By Cole Hill (staff@latinospost.com) | First Posted: Apr 03, 2013 11:41 AM EDT

Judge Sherry Stephens sent Jodi Arias' lawyers a firm message Tuesday, denying her defense team's motion for a mistrial, but also throwing out a juror in the process.

(See live stream below)

With little else to grasp onto at this point in court, Arias's lawyers had urged Judge Stephens to consider a mistrial in the case, filing a claim Sunday alleging juror misconduct "discovered during closed proceedings" last week. While Judge Stephens refused to call a mistrial, following a meeting in her chambers with the prosecution and defense, she announced the dismissal of Juror Five - a woman in her 30s who had been gossiping about the case, according to CNN. The unidentified juror reportedly wept as she left the court house. An alternate juror was seated in her place.

Judge Stephens didn't elaborate on the juror's removal in court and ordered the rest of the jury not to speculate about why she was dismissed.

Arias' lawyers returned to trying to establish her inherent need for self-defense against Alexander by focussing on her backstory of past relationship abuse with paid "expert witnesses" on domestic abuse, psychotherapist Alyce LaViolette.

LaViolette never met with Alexander, but you wouldn't gather that from hearing her testimony. She's read through numerous text messages, emails and listened to phone conversations Arias recorded between the two. Picking up where the trial left off last week, LaViolette continued to offer her interpretations of emails and journal entries written by Arias.

A 32-year-old photographer from California, Arias is charged with the grisly first-degree murder of her ex-boyfriend, Travis Alexander, in June 2008, when she stabbed the 30-year-old man 27 times, primarily in the back, shot him in the face, slit his throat from ear to ear with so much force it almost decapitated him, and left his bloodied corpse crumpled over in the bathroom shower of his home - all in the course of 106 seconds. Arias' guilt is not up for debate - but her mental state at the time of the killing is. Arias' future depends on whether the jury believes she killed Alexander in self-defense, as she contends, or was actually a jilted lover exacting jealous revenge, as the prosecution argues.

LaViolette testified that Alexander admitted in a reply to a friend's email that he had not treated a past girlfriend well.

"He treated her badly but he didn't feel badly about it," LaViolette said of an email Alexander sent to a friend.

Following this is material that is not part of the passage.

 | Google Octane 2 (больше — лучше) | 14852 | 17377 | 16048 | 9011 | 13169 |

Last week, LaViollete discussed a previously undisclosed series of email exchanges between Arias, Alexander, and his "longtime friends," Chris and Sky Hughes as evidence of Alexander's allegedly abusive behavior. LaViolette returned to discussing more emails between Sky Hughes and Arias.

"She had serious concerns about Mr. Alexander and Ms. Arias' relationship ... she was concerned about his history and how he treated her," LaViolette said.

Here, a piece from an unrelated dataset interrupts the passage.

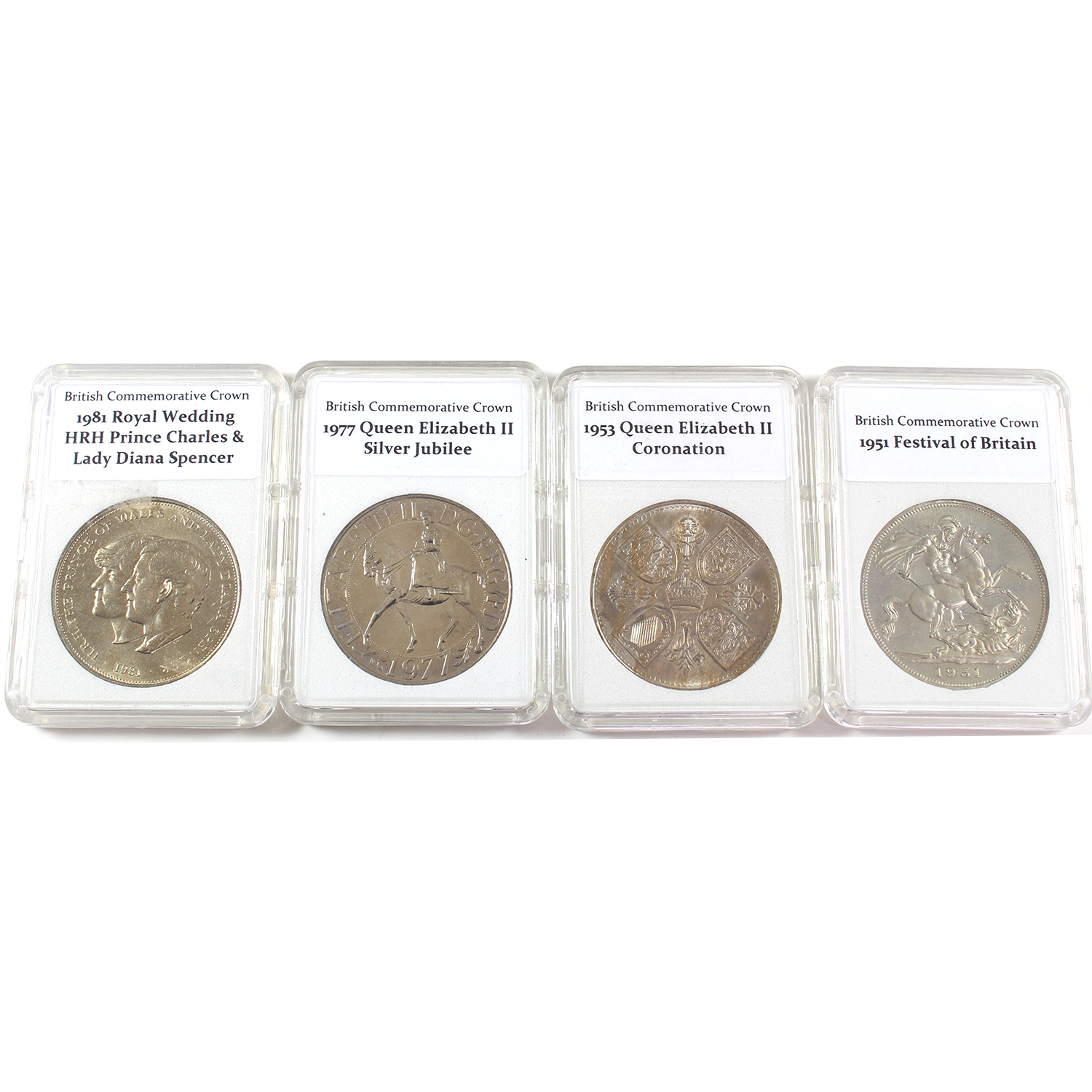 INCLUDES: 1951 Festival of Britain, 1953 Queen Elizabeth II Coronation, 1977 Queen Elizabeth II Silver Jubilee, & 1981 Royal Wedding HRH Price Charles & Lady Diana Spencer. Coins are toned. 4pcs.

LaViolette gave her impression of an email sent Sept. 23, 2007 from Lisa Andrews to Alexander.

"She believes that they have gotten too sexual too soon ... that she feels that he has basically pushed on her -- talked about sex a lot in a way that she does not appreciate. She wants him to stop grabbing her butt, particularly in public ... that she finds that unattractive and doesn't appreciate it," LaViolette testified.

LaViolette claimed there was content in the email that suggested Andrews believed Alexander was a virgin.

"I see deception in a lot of areas," LaViolette said of Alexander's need to make people believe he was a virgin and wasn't financially unstable.

Martinez once again objected to the majority of the defense's questions, arguing LaViolette's testimony was nothing but hearsay.

LaViolette then focussed on instances of Alexander's alleged abuse of Arias, detailing several incidents when Arias felt mistreated romantically by Alexander, describing how hurt Arias was when she searched through his phone and found text messages arranging meet-ups with other women, and how depressed she became when she allegedly saw him making out with another woman. The behavior might make him a jerk, but it doesn't exactly make him the manipulative sociopath that Arias' defense team has portrayed him as, either.

"He makes her sick and he makes her happy ... she's got the best and the worst is what it sounds like," LaViolette said of an entry from Arias' journal.

"[Chronic infidelity] is considered a form of psychological abuse," said LaViolette.

LaViolette said she saw evidence in the emails that Alexander was deceiving 10 women at once.

"He's able to manage not being truthful to several women at a time," LaViolette said of Alexander.

Arias faces the death penalty if convicted. The trial resumes with more testimony from LaViolette Wednesday at 12:30 p.m. EST.